La SF donne des idées aux ingénieurs
L'ESA (agence spatiale européenne) a lancé, en 2002, une étude intitulée ITSF. Elle se base sur l'étude d'ouvrages de science-fiction, afin d'y chercher des amorces d'innovations technologiques réalisables et de mettre l'inspiration des auteurs au service des ingénieurs. Livres, films, illustrations concernant la conquête spatiale… au total, 250 concepts et technologies ont été rassemblés.
Une des voies d'exploration : les nanotechnologies ou la fabrication de minuscules machines, atome par atome. Evoquées depuis 1959 par un scientifique, les perspectives qu'elles ouvrent sont telles que la science-fiction leur accorde une large place. Dans certaines œuvres, ces nanomachines entrent dans toutes les applications de la vie courante comme bâtir des muscles, purifier l'air, stocker des données…
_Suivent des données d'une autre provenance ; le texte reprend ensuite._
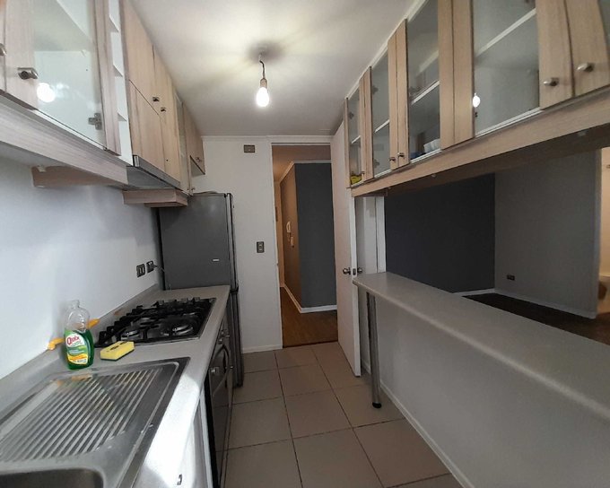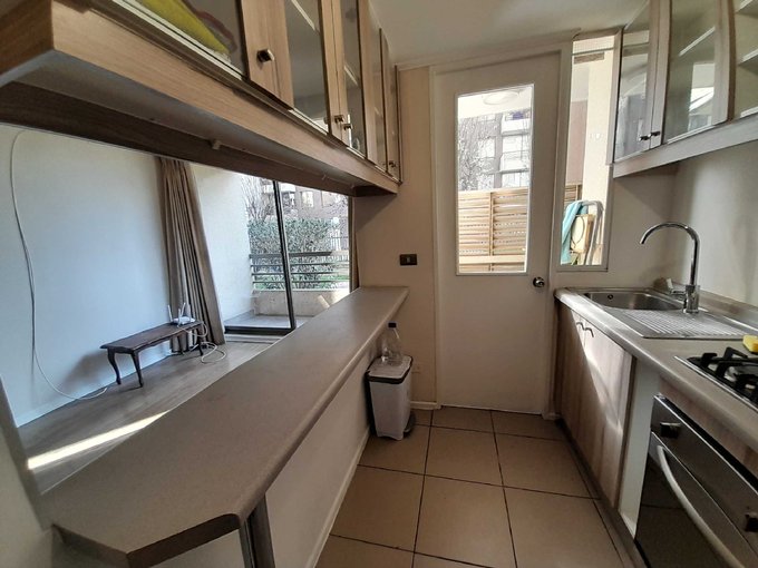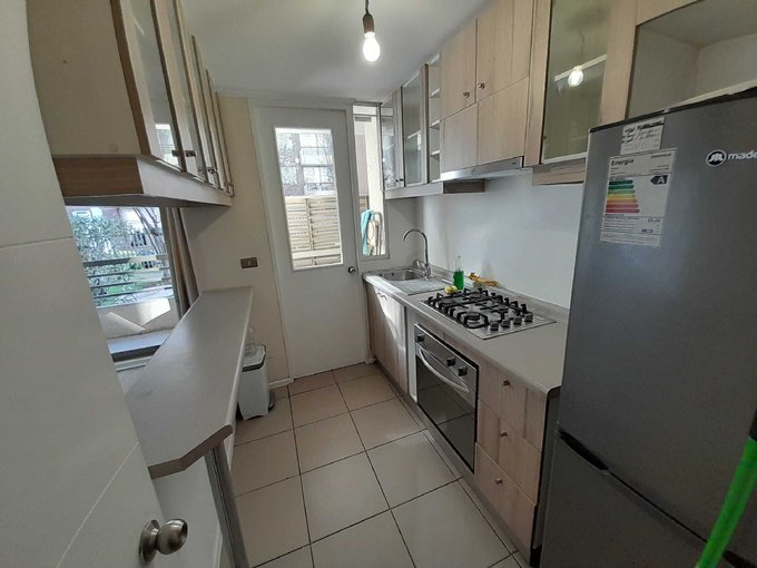 Cocina semi Abierta Amoblada. Equipada con Horno, Encimera y Campana.
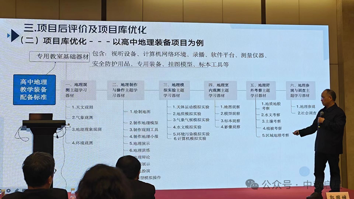 而項(xiàng)目庫(kù)優(yōu)化的案例則是以“高中地理裝備”為例,因?yàn)槟壳暗乩韺?shí)驗(yàn)裝備的發(fā)展相對(duì)理化生實(shí)驗(yàn)設(shè)備來(lái)說,有其獨(dú)特的學(xué)科特征和裝備普及階段。所以,他的建議是:
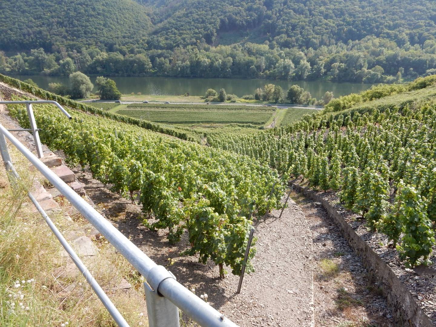 De Moselsteig is een wandelroute langs het Duitse deel van de Moezel, over een lengte van maar liefst 365 kilometer, slingerend benedenlangs en boven de rivier. Startpunt is Perl, dat tegenover Schengen (ja, van het Europese verdrag uit 1992) ligt. Het eindpunt is Deutsches Eck in Koblenz, het punt waar de Moezel in de Rijn stroomt. De Moselsteig is ’geopend’ in 2014 en kreeg toen direct het keurmerk ’Qualitätsweg Wanderbares Deutschland’. Want behalve wunderbar is de Moezelstreek ook 100% zeker ’wanderbar’!
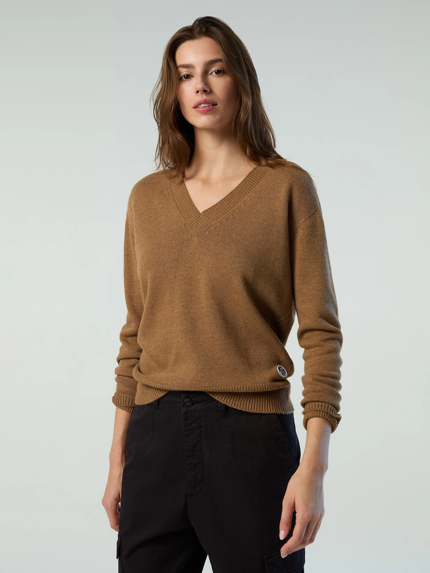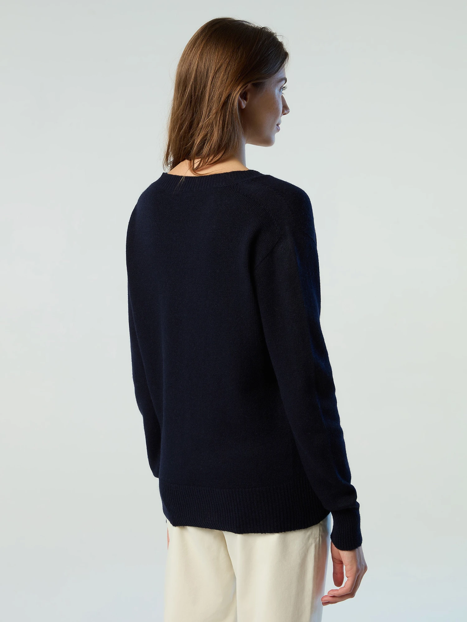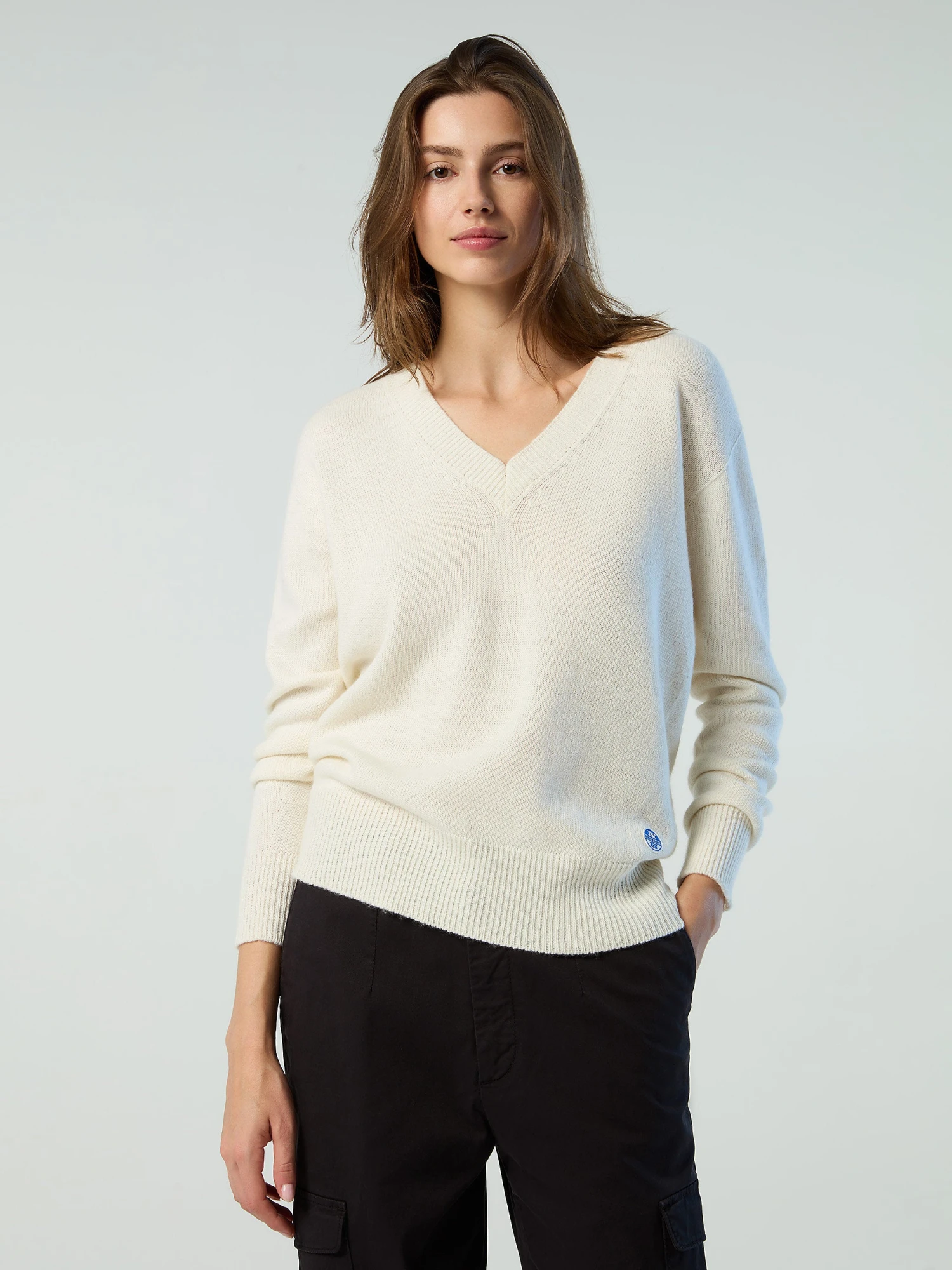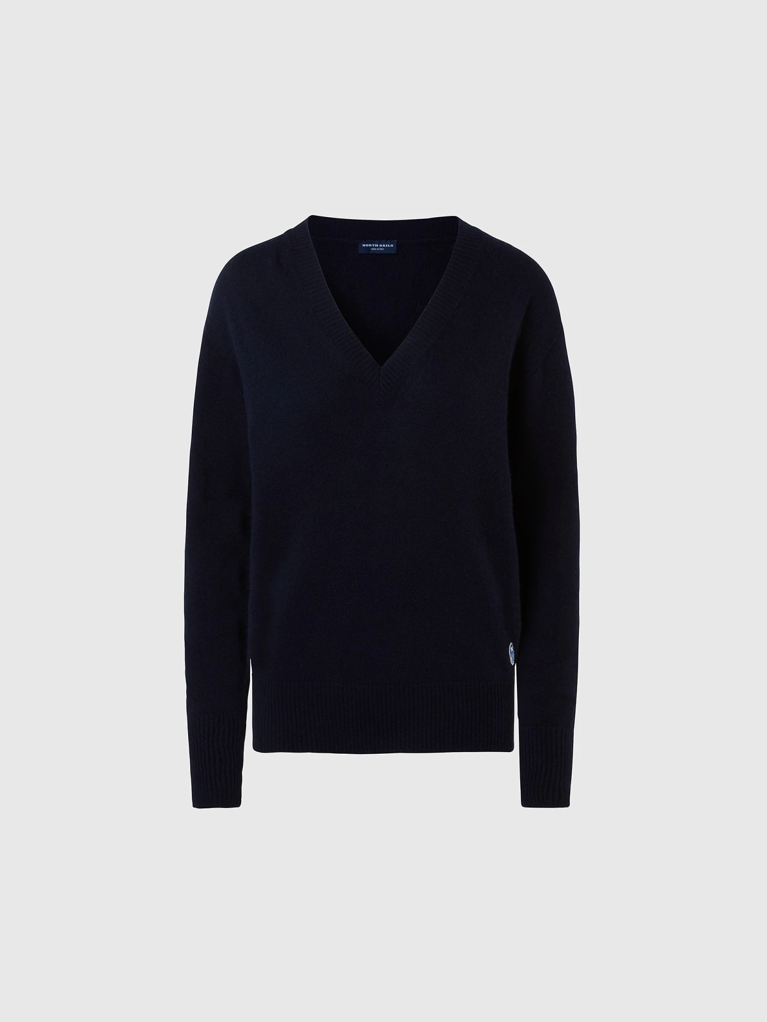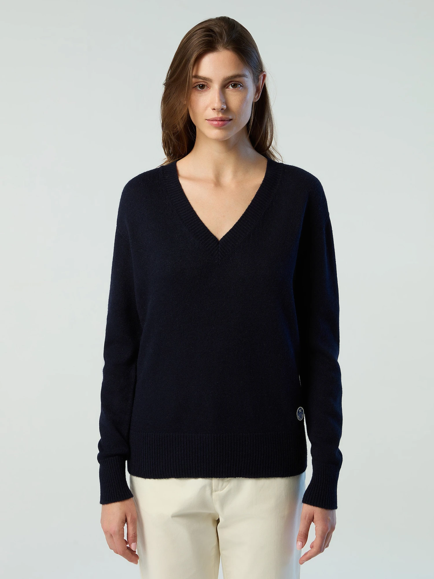 Women’s V-neck sweater knitted from a recycled cashmere blend. Finished with ribbed trims and a North Sails patch.
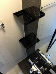 室内は温かみのある白基調ですが、バスルームは一転、シックな色合いです。
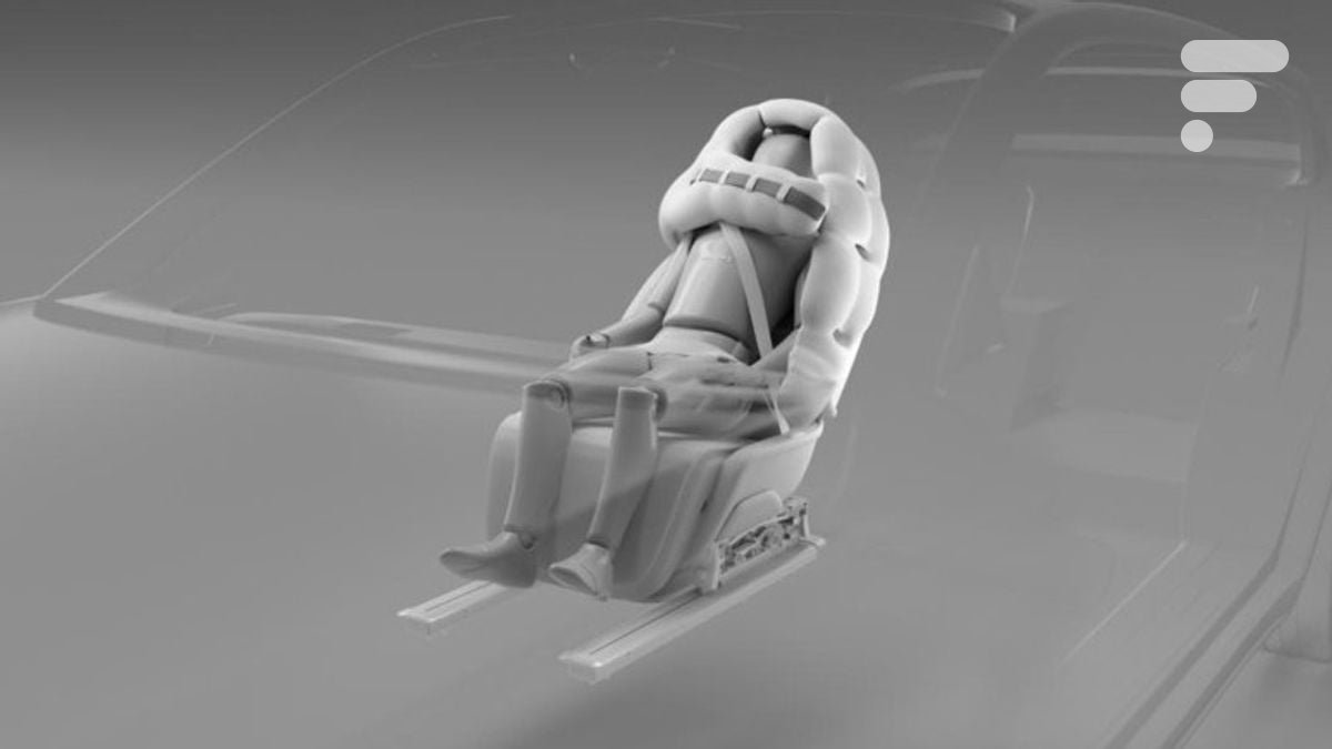 O comunicado de imprensa detalha: em caso de colisão, uma almofada de ar se espalha ao redor do assento, mas acima de tudo das cabeças dos ocupantes. Forma um capacete que envolve a cabeça, o pescoço e o peito do ocupante para evitar, sem dúvida, a famosa chicotada, que por vezes pode ser fatal.
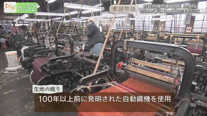 織りには、100年以上前に発明された自動織機がいまも使われていて、これにより会津木綿独特の風合いが生まれるといいます。
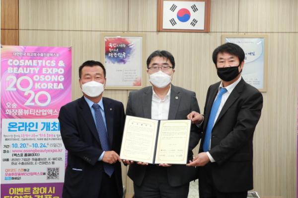 글로벌 화장품산업 육성의 중심지인 충북에 K-뷰티 클러스터 구축 사업이 필요하다는데 인식을 같이 하고 오송화장품뷰티산업 엑스포의 성공과 산?학?연 정보공유, 네트워크 구축 등을 위해 협력하기로 약속했다.
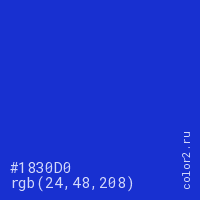 Цвет #1830D0 в цветовой модели RGB обозначается тремя октетами (24, 48, 208) в десятичном формате и #1830D0 в шестнадцатиричном (hex) формате, которые являются интенсивностью красного 24 (hex 18), интенсивность зелёного 48 (hex 30) и интенсивность синего 208 (hex D0).

Pour le moment, les chercheurs savent fabriquer de toutes petites choses, mais en modèle unique… et qui ne servent à rien !
Les nanotechnologies ne sont pas les seules à intéresser conjointement chercheurs et auteurs. Moyens de propulsions plus rapides, nouvelles stations spatiales, idées pour coloniser d'autres planètes, matériaux plus résistants, des méthodes de communication plus efficaces sont également au programme.